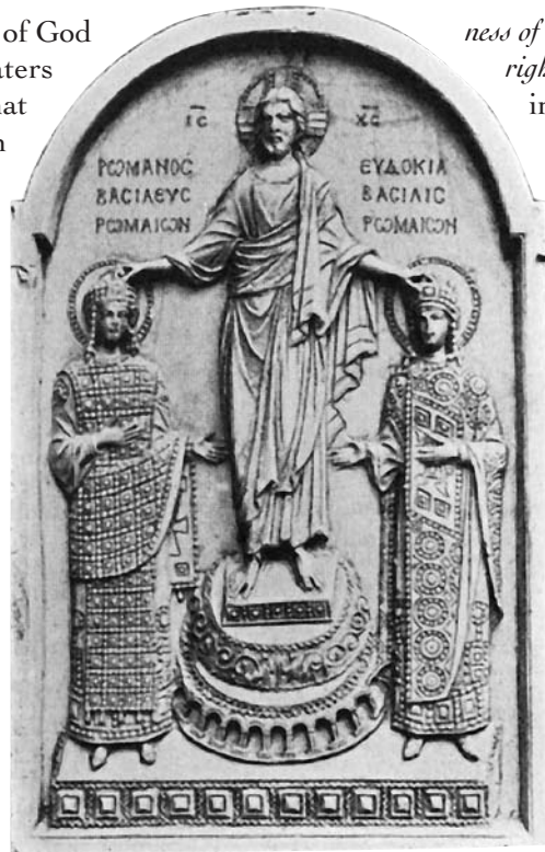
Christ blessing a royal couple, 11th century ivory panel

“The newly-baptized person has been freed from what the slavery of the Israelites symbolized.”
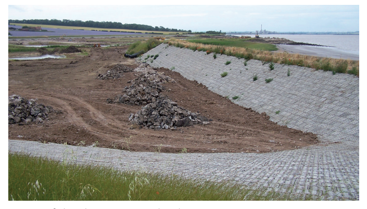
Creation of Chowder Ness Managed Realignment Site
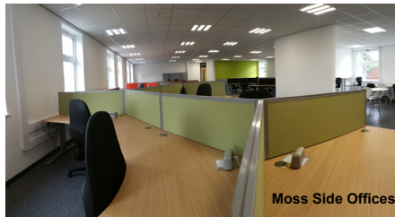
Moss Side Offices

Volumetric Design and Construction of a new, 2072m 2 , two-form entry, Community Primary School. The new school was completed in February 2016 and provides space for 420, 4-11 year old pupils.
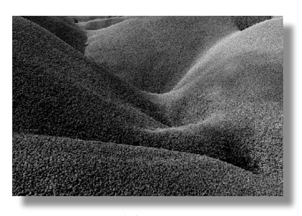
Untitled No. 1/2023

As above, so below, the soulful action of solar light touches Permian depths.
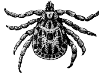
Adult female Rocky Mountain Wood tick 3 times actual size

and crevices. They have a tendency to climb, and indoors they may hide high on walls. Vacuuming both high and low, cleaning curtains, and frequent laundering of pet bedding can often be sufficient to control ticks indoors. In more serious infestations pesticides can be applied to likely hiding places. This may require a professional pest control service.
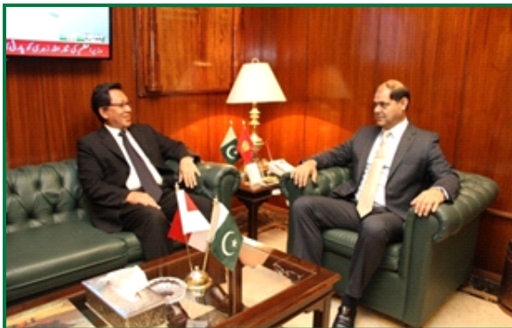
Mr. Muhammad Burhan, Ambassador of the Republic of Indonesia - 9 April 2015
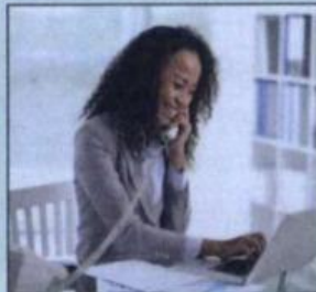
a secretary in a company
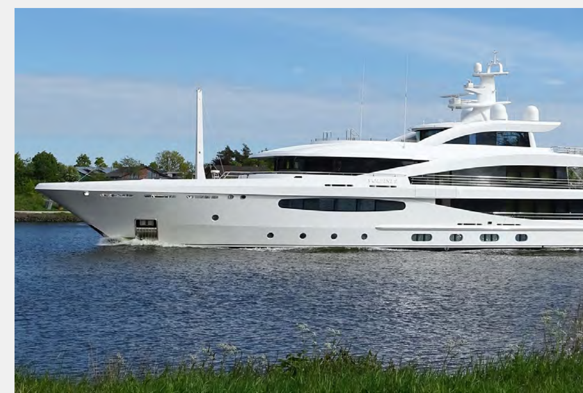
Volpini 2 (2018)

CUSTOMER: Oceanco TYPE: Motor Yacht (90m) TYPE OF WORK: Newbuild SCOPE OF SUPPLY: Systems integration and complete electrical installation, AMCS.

● ● ●

Output the data exactly. Pictures don't belong in the result.

Christ blessing a royal couple, 11th century ivory panel

“The newly-baptized person has been freed from what the slavery of the Israelites symbolized.”
Creation of Chowder Ness Managed Realignment Site
Moss Side Offices

Volumetric Design and Construction of a new, 2072m 2 , two-form entry, Community Primary School. The new school was completed in February 2016 and provides space for 420, 4-11 year old pupils.
Untitled No. 1/2023

As above, so below, the soulful action of solar light touches Permian depths.
Adult female Rocky Mountain Wood tick 3 times actual size

and crevices. They have a tendency to climb, and indoors they may hide high on walls. Vacuuming both high and low, cleaning curtains, and frequent laundering of pet bedding can often be sufficient to control ticks indoors. In more serious infestations pesticides can be applied to likely hiding places. This may require a professional pest control service.
Mr. Muhammad Burhan, Ambassador of the Republic of Indonesia - 9 April 2015
a secretary in a company
Volpini 2 (2018)

CUSTOMER: Oceanco TYPE: Motor Yacht (90m) TYPE OF WORK: Newbuild SCOPE OF SUPPLY: Systems integration and complete electrical installation, AMCS.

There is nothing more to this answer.